Secondo la letteratura queste strategie si dividono in tre macro-categorie:
- Customer-Supplier (Downstream-Upstream): quando uno dei due bounded context fornisce le informazioni all’altro. Chi espone le informazioni viene definito Supplier (o Upstream), chi riceve viene invece definito Customer (o Downstream). Sono esempi di questo pattern l’Anti-Corruption layer o l’Open Host
- Mutually dependent: quando i due Bounded context condividono tra di loro le informazioni. In questo caso il delivery dei due contesti deve essere contemporaneo dato che le modifiche ad un Bounded context impattano anche l’altro. Esempi famosi sono Partnership e Shared Kernel.
- Free: quando due Bounded context non collaborano e non comunicano tra di loro.
Definendo uno di questi approcci diventa possibile far comunicare due Bounded Context tra di loro, senza esporre in modo diretto la loro struttura.

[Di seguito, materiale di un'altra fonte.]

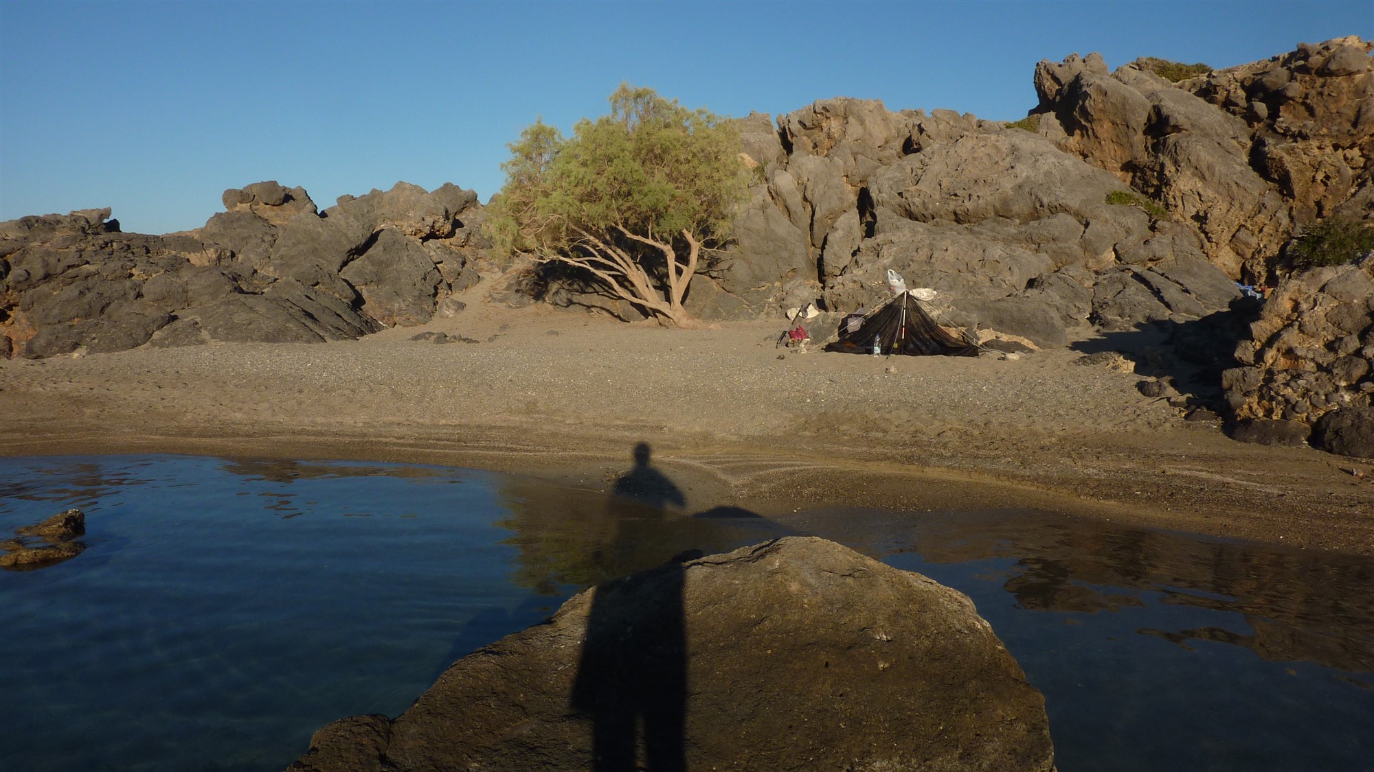 Da Kreta gut 250 km in seiner Länge misst und die Anfahrtswege auf Straßen und Schotterpisten kurvenreich sind, empfiehlt es sich für Tageswanderungen, immer nahe der gewählten Wanderung eine passende Unterkunft zu suchen. So reduziert man die Fahrzeit auf ein Minimum. Begibt man sich auf den E4 Fernwanderweg, so ist dies natürlich nicht möglich. Auch gibt es nicht an allen Etappenzielen Übernachtungsmöglichkeiten. So muss man unweigerlich biwakieren. Im Übernachtungsverzeichnis des Wanderführers sind diese Etappen hervorgehoben. Offiziell ist aber wildes Campen auf Kreta nicht erlaubt. Trotzdem sieht man an abgelegenen Flecken immer wieder wilde Camper. Die wenigen offiziellen Campingplätze liegen natürlich nicht am Fernwanderweg. Sollte man sich selbstverantwortlich zum wilden biwakieren entscheiden, so sind folgende Grundregeln wichtig. Verlasse Deinen Übernachtungsplatz, so wie Du ihn vorgefunden hast. Definitiv keinen Müll hinterlassen. Steine zur Befestigung des Zeltes wieder an ihre alte Stelle zurücklegen. Die Stelle so zurücklassen, dasss keine Übernachtungsspuren zu erkennen sind. Der Camper ist zu Gast in der Natur, so vermeide Lärm. Offenes Feuer auf Kreta ist aufgrund der extrem hohen Waldbrandgefahr strengstens verboten. Die einfachste Variante für die Notdurft ist, den Hintern ohne Klopapier zu säubern, die Kombination aus Wasser und Waschlappen oder Stofflappen. Die Verwendung von Tempotaschentüchern geht überhaupt nicht! Diese lösen sich in der Natur so gut wie gar nicht auf! Recycling-Toilettenpapier ist eine Wahl. Mein Tipp: Beim Projekt „Goldeimer“ gibt es ein dreilagiges und 100 % Recycling-Toilettenpapier mit dem Label: „Blauer Engel“. Poste nicht Deinen Campingstandort auf den sozialen Medien, genieße einfach den Moment. Vor der Abreise sollte noch einmal im Internet geprüft werden, ob sich etwas an dieser lockeren Handhabung des Verbots etwas geändert hat. Befolgt man die Hinweise, so kann man mit reinen Gewissen mit dem Zelt losziehen. Nachfolgend ein paar Impressionen ohne Ortsangabe.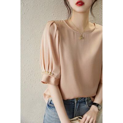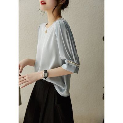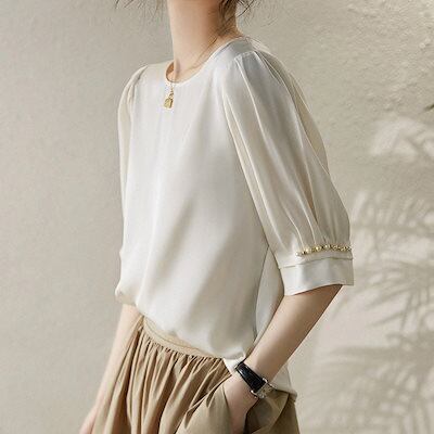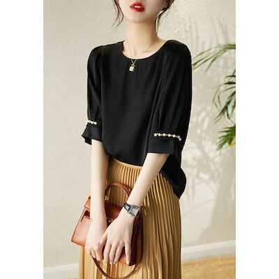 ブラウス レディース 半袖ブラウス 春夏 オフィスブラウス 無地パフスリーブ オシャレブラウス レシ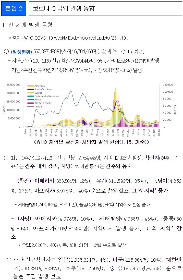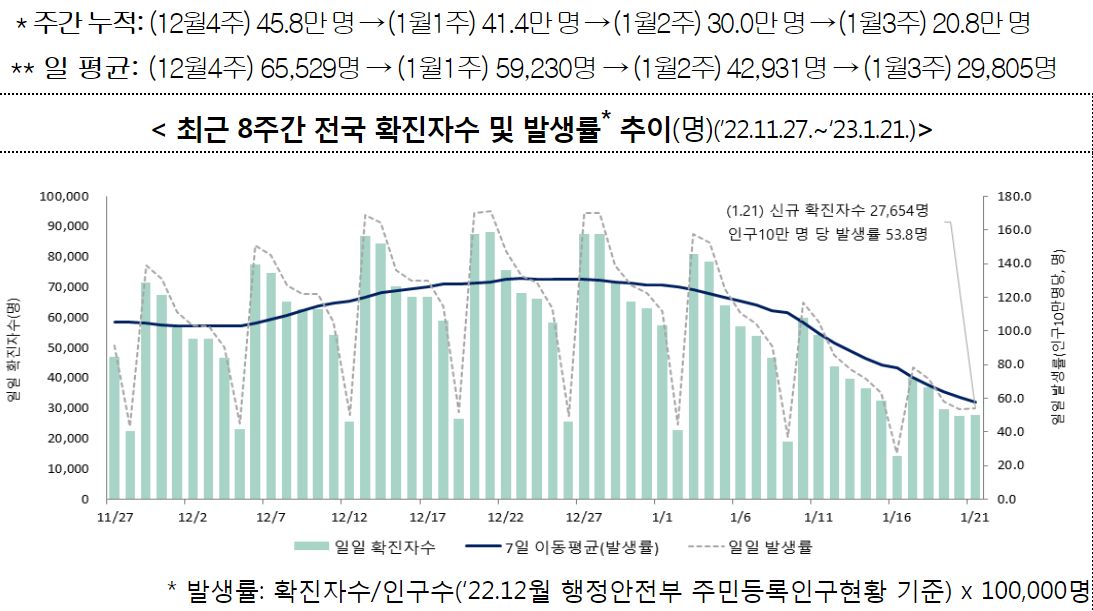 코로나19(2023.1.25) 주간 확진자 전주 대비 30.6% 감소 본문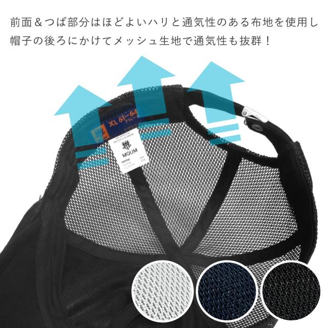 前面&つば部分は布地、帽子の後ろにかけてはメッシュ生地で作られているから通気性抜群!
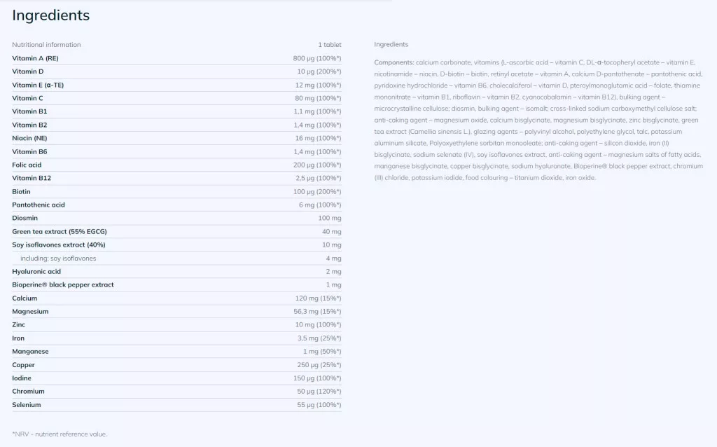 Mert tartalmaz minden olyan vitamint, ásványi anyagot, növényi kivonatot, amire szüksége lehet azoknak a nőknek, akik az aktív életmód és a kiegyensúlyozott étkezések mellett, még egy kis plusszal hozzájárulnának a szervezetük optimális működéséhez.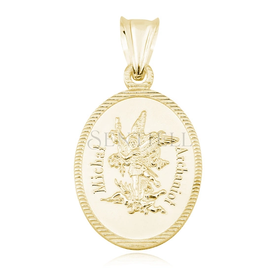 Medalik w formie zawieszki wykonany ze srebra próby 925, pokryty powłoką z żółtego złota 24K w technologii e-coating. Owalny kształt o wymiarach 35 x 18 mm, z wyraźnie zaznaczoną, diamentowaną obwódką biegnącą wzdłuż krawędzi. Awers zdobiony reliefowym wizerunkiem Michała Archanioła w dynamicznej kompozycji, osadzonym na gładkim tle o wysokim połysku. Rewers ma jednolitą powierzchnię z polskim napisem wykonanym w formie czytelnej inskrypcji. Profil płaski, krawędzie równe, konstrukcja typowa dla medalika dewocyjnego.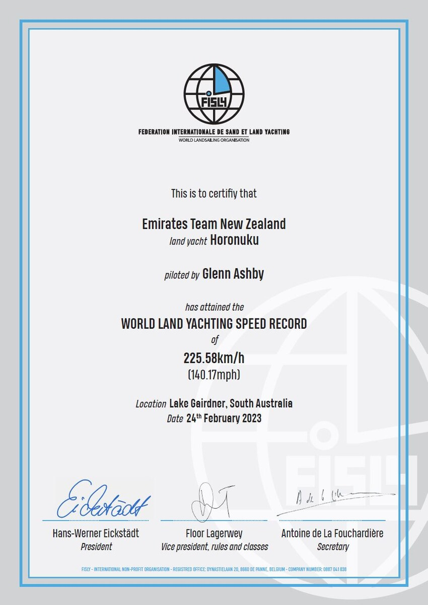 Den 11 december slog Emirates Team New Zealand världsrekord med sin vinddrivna landfarkost Horonuku med 222,4 km/h. Som avslutning på segerintervjun sa Glenn Ashby så här: ”Teamet är verkligen stolta - men vi vet att Horonuku har mer i sig. Vi hoppas kunna gå igenom samma process med en ännu högre hastighet nästa gång vädret tillåter.”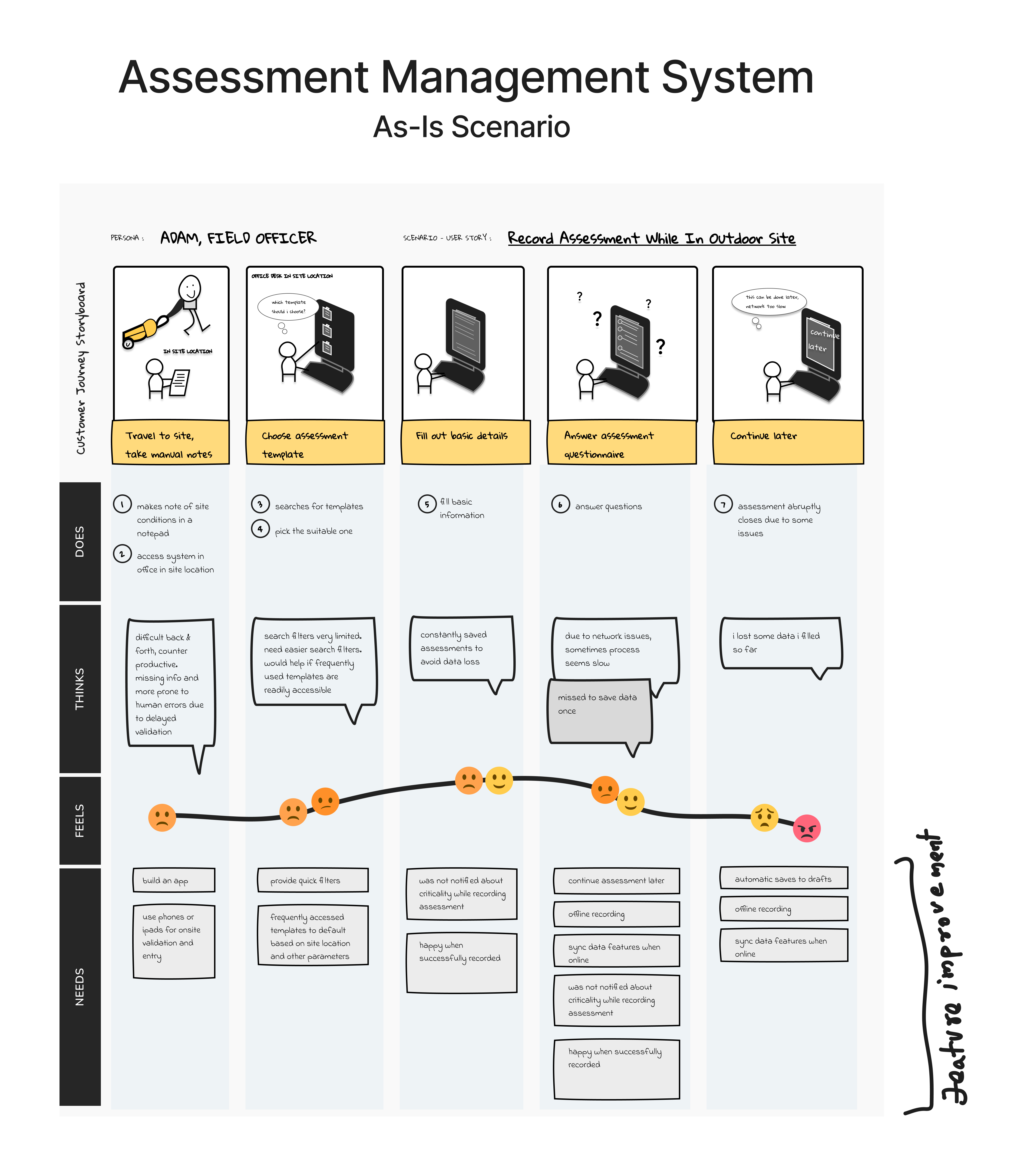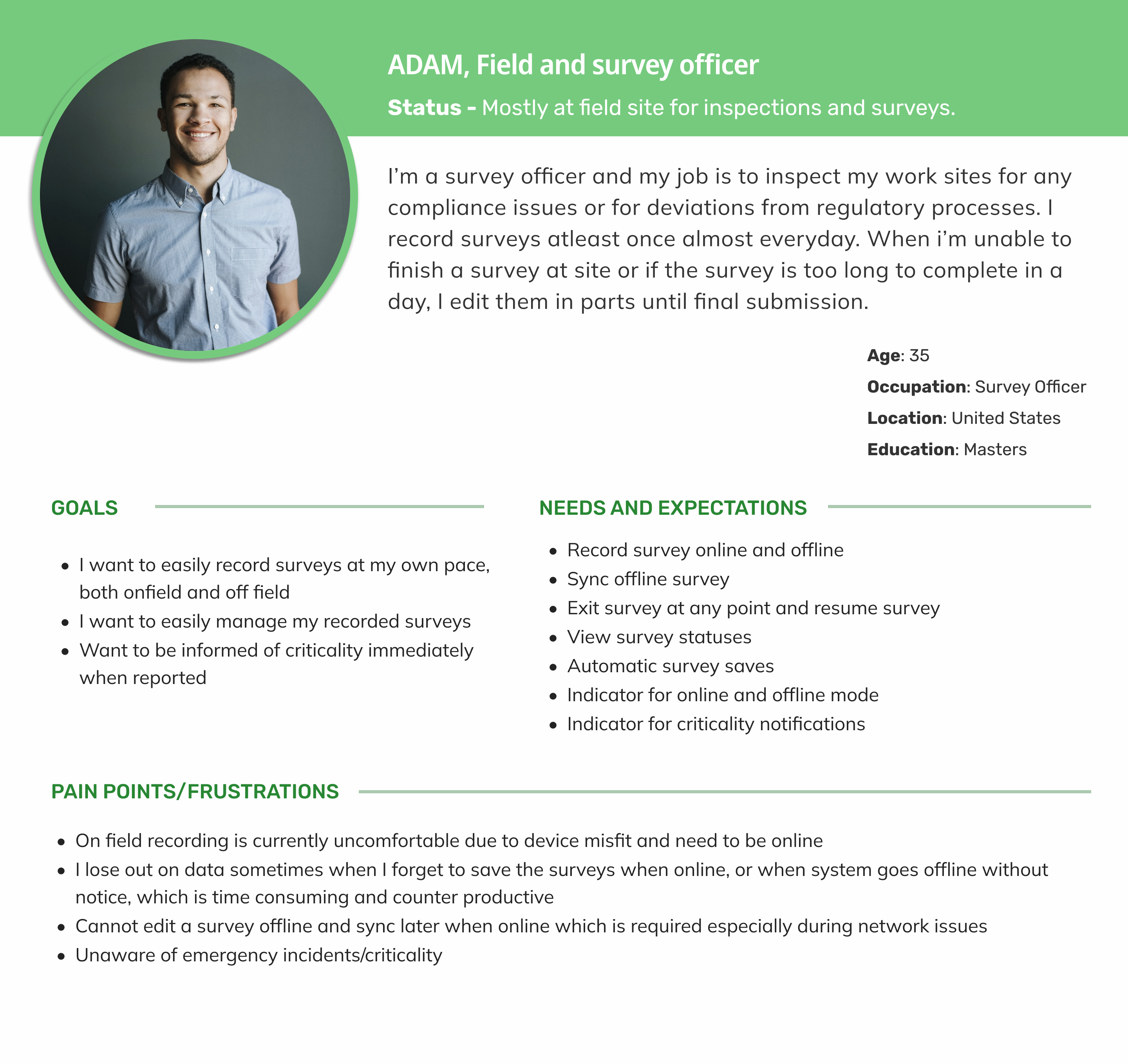 Travel to site, take notes | Uses pen & paper | "Hope I don't lose these notes." | Anxious, cautious | Mobile recording, auto-save |

Che vantaggi mi porta questa divisione?
Dividere in contesti autonomi ci offre una netta separazione delle responsabilità. Se, ad esempio, assegniamo contesti diversi a parti del nostro team ognuno di essi sarà relativamente sicuro ed autonomo nello sviluppo.
Questo ci permette di concentrarci sugli obiettivi di quel contesto, riducendo i side-effect dovuti a modifiche a parti che non interessano direttamente il nostro bounded context.
Ma è davvero tutto così facile?
Come sempre non è tutto oro quello che luccica.
Individuare i bounded context alla volte non è così semplice e, come per Ubiquitous Language, una buona esplorazione del dominio è fondamentale per identificarli e dividere nel modo corretto.
Una volta che abbiamo trovato i nostri bounded context è sempre bene ricordare che devono essere autonomi e non devono avere riferimenti ad altri contesti. Alle volte è facile cadere nella trappola di voler riutilizzare un pezzo che abbiamo già implementato in un altro contesto, in questo caso sfruttiamo le strategie di context mapping.
E voi cosa ne pensate? Vi è mai capitato di utilizzare i bounded context?
Raccontatemi la vostra esperienza nei commenti. Ci vediamo al prossimo post!